SOURCE RECORDS Block Start

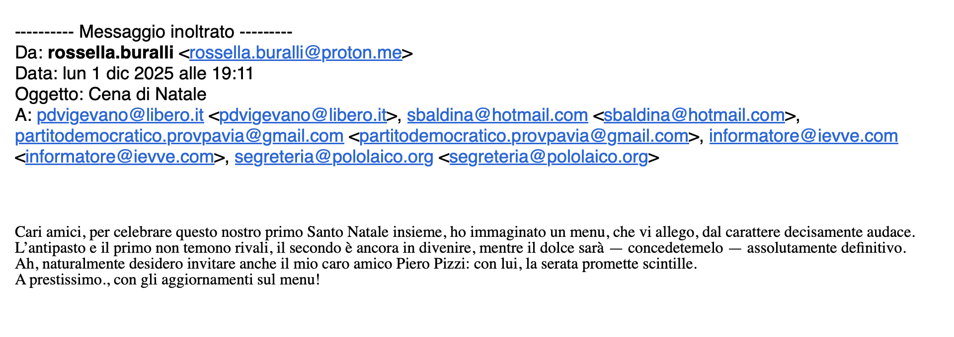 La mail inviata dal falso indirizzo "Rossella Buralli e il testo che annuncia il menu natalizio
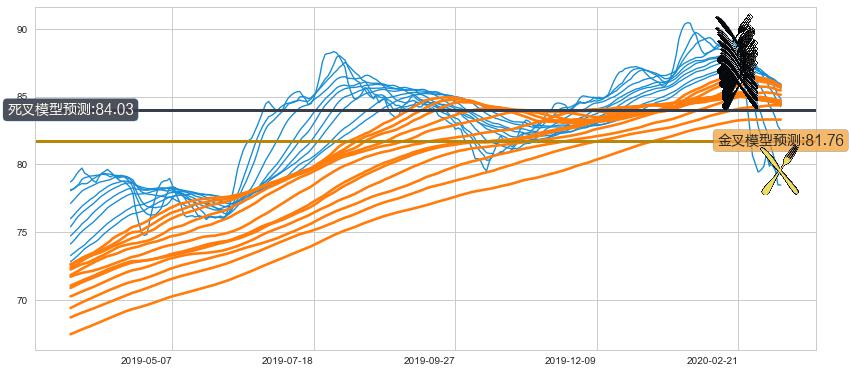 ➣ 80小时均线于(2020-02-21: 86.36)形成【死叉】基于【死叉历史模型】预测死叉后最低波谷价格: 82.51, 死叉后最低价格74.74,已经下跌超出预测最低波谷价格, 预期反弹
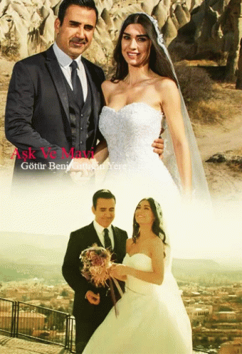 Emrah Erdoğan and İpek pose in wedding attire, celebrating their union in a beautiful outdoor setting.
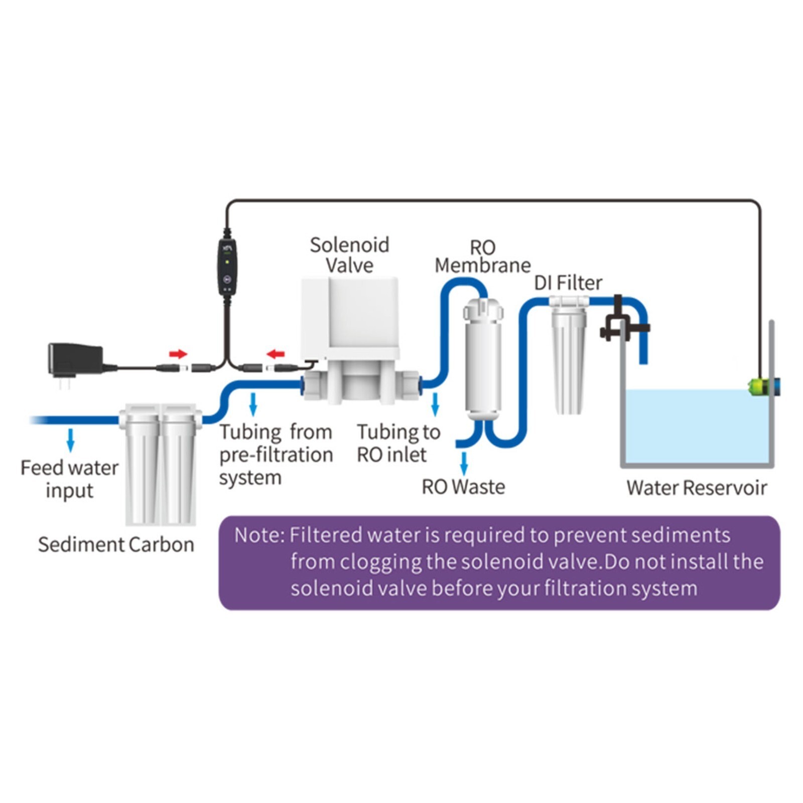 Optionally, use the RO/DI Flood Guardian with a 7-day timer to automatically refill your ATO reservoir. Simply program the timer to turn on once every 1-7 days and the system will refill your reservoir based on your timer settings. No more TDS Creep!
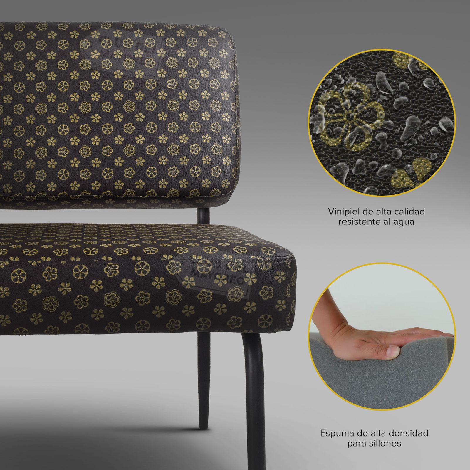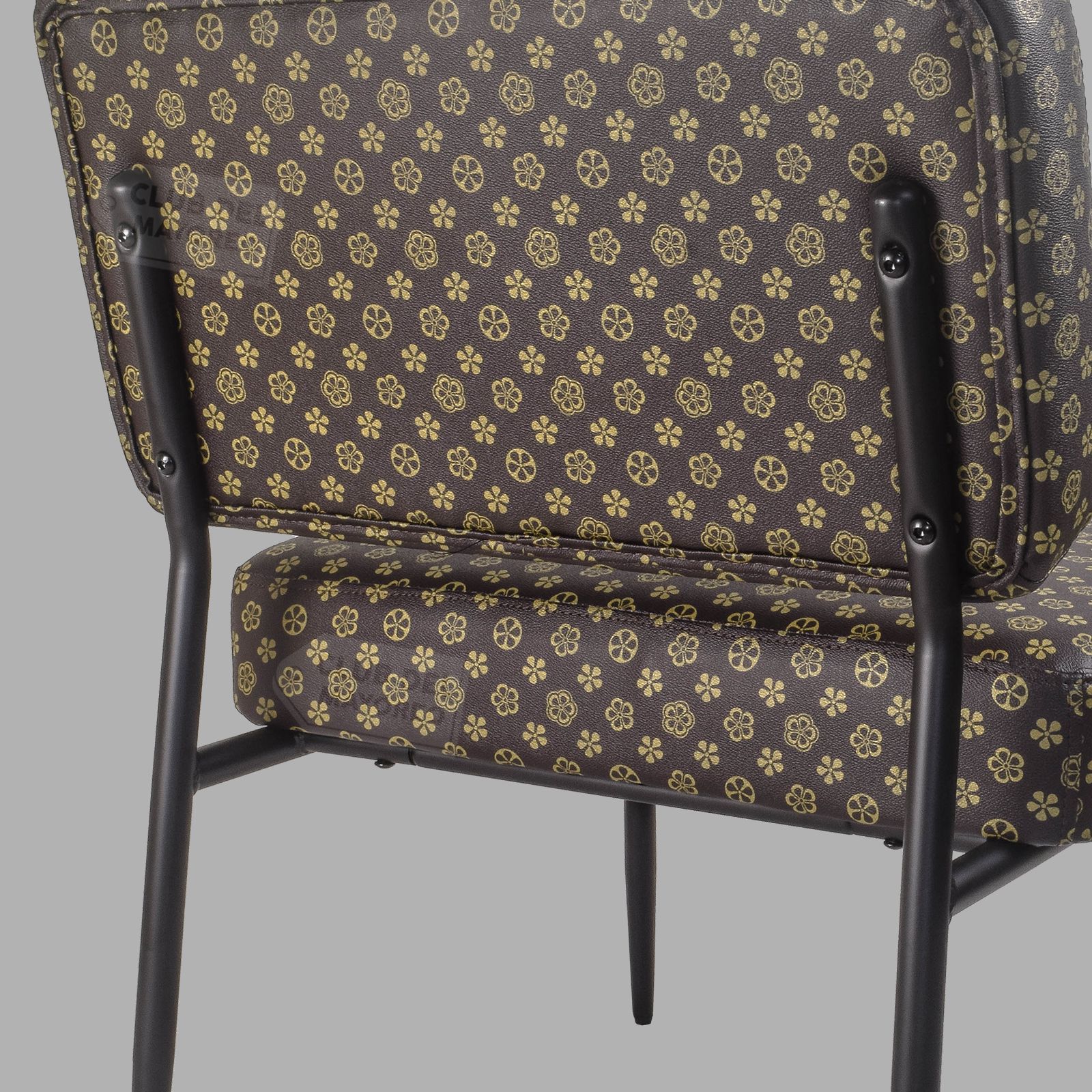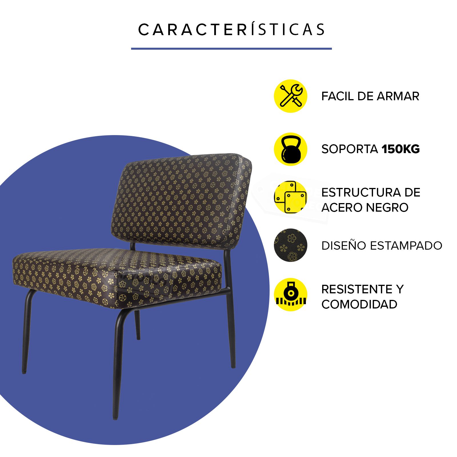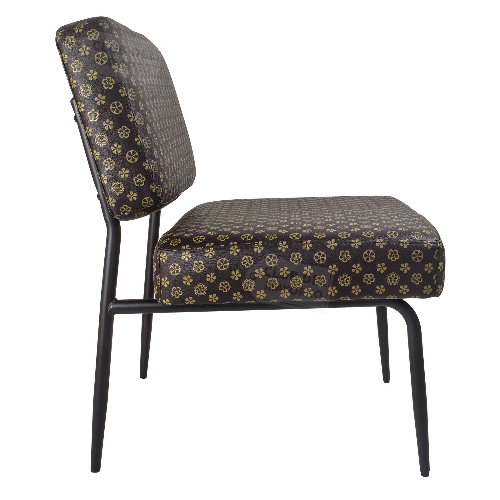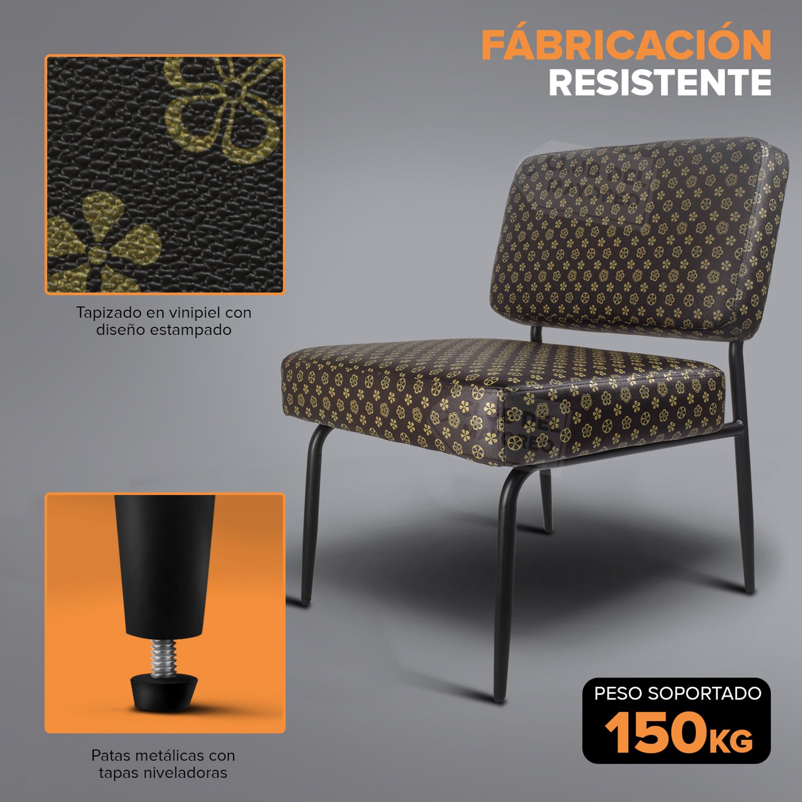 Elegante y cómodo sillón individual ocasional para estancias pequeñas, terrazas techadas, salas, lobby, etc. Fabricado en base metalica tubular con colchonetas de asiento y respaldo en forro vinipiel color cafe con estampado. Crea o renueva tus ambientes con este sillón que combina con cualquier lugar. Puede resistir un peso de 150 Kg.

SOURCE RECORDS Block End

### YOUR TASK
Repeat, with no pictures, each line from the beginning of the data through the line containing "Optionally, use the", inclusive.

### EXPECTED ANSWER
 La mail inviata dal falso indirizzo "Rossella Buralli e il testo che annuncia il menu natalizio
 ➣ 80小时均线于(2020-02-21: 86.36)形成【死叉】基于【死叉历史模型】预测死叉后最低波谷价格: 82.51, 死叉后最低价格74.74,已经下跌超出预测最低波谷价格, 预期反弹
 Emrah Erdoğan and İpek pose in wedding attire, celebrating their union in a beautiful outdoor setting.
 Optionally, use the RO/DI Flood Guardian with a 7-day timer to automatically refill your ATO reservoir. Simply program the timer to turn on once every 1-7 days and the system will refill your reservoir based on your timer settings. No more TDS Creep!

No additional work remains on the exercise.